7- My wife is even more beautiful as a mother. I can’t say enough about how radiant Abbi has looked throughout her pregnancy and into motherhood. Lit from within. And not just in terms of how she looks. She is made for motherhood. Her warmth, patience, and joy is boundless — even when fatigue has made it impossible for her to determine the day, date or time. She is completely inspiring.

8- Life doesn’t end. I’ve watched “She’s Having A Baby” too many times. I always worried I was going to wake up in Kevin Bacon’s shoes, retrieving the paper alongside a dozen other same-looking husbands in some generic suburban neighborhood. Truth is, life has just begun. I don’t care where I am or what I’m doing so long as the girls are nearby.

9- Crying’s not personal. It’s been helpful to remind myself when Maggie’s screaming in my face that wales are her sole means of communication. Generally, her cries indicate just one of four issues: temperature, gas, poop, pee, or feed.

10- The world is more beautiful with Maggie in it. It just is.

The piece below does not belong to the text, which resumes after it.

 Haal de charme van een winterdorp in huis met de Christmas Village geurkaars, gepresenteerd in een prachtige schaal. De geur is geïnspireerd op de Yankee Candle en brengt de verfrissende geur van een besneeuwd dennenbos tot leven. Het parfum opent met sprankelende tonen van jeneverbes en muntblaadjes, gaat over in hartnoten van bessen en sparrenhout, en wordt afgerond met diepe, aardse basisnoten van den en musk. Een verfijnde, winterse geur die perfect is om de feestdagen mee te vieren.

I’m a late bloomer. Many friends and family have been parents for years. Suddenly, I feel silly for understating my enthusiasm for the gig. But hey: you can’t know what you can’t know. I have some inkling now, and it feels like someone just turned on the lights; I can see a whole new world new, one far-richer with the love my new family creates.

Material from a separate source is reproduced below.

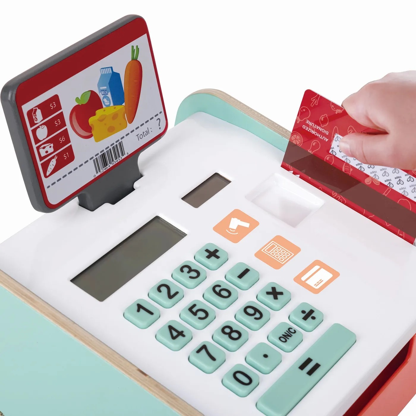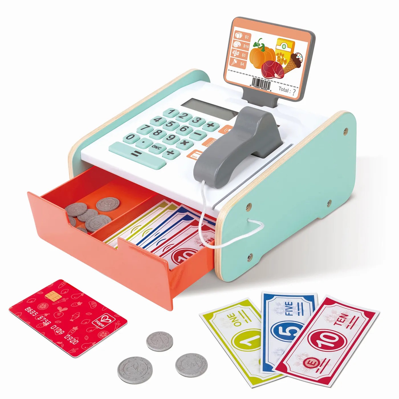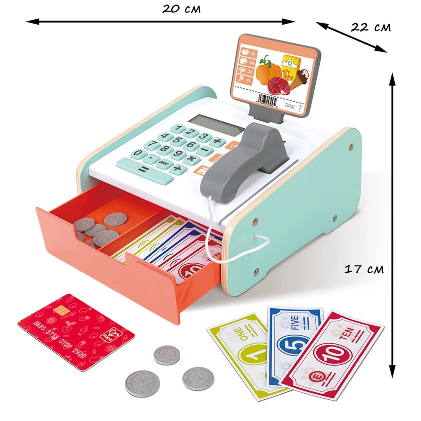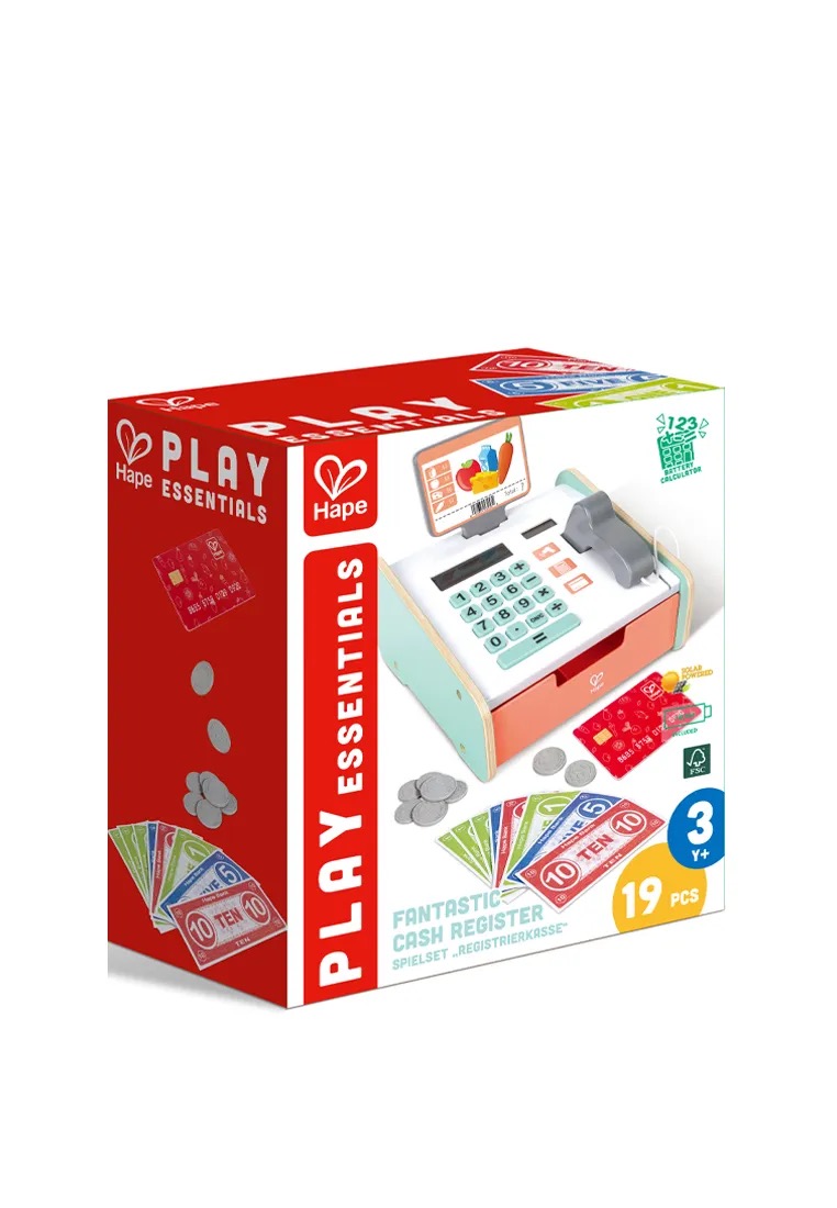 Наша касса бренда HAPE с деньгами выполнена из натурального дерева, без острых углов, применены гиппоаллергенные краски приятных цветовых оттенков.

3 Responses to “Maggie At Ten (Days)”

  1. Mike  Says:

    I’ve got some digital white noise files I made when ours wa that age if you want them. I used recordings of rain, and it did the trick. Might save your water bill.

  2. Sharon  Says:

    Ben, first let me just say once again, congratulations on this new chapter in your life. Buckle up, it is a wild ride! I also must say that the love and respect that you have for your beautiful wife, Abbi, is so apparent in your words. It is truely inspiring. There is nothing more rewarding than watching your child grow. It is one of those life experiences that can not be summed up or put into words. The only way to fully understand what others have tried to put into words for so long is to live it and experience it first hand. The privledge of seeing the world through a childs eyes is just priceless. The facial expressions and emotions they exude as they see and experience things for the first time… it just puts things into a whole new perspective. Enjoy every little moment. I look forward to reading more about little Maggie in the future, and what a wonderful gift you have to write about her and her mother so eloquently. She will no doubt love to read these blogs one day and what a way for her to understand how much you love her mother and her, even before your official meeting 10 days ago.
    Congratulations again, Sharon
    P.S. I normally do not see any “typos” in your blogs… but I did chuckle to myself at the few I came across, the missed hours of sleep takes a little getting used to. Pretty soon it will become the norm! Lol.

  3. Mary  Says:

    Well said….all the things that are hard to put into words, you did. Things that 3 weeks ago, you couldn’t imagine.

    Welcome to being a parent, and in love all over again.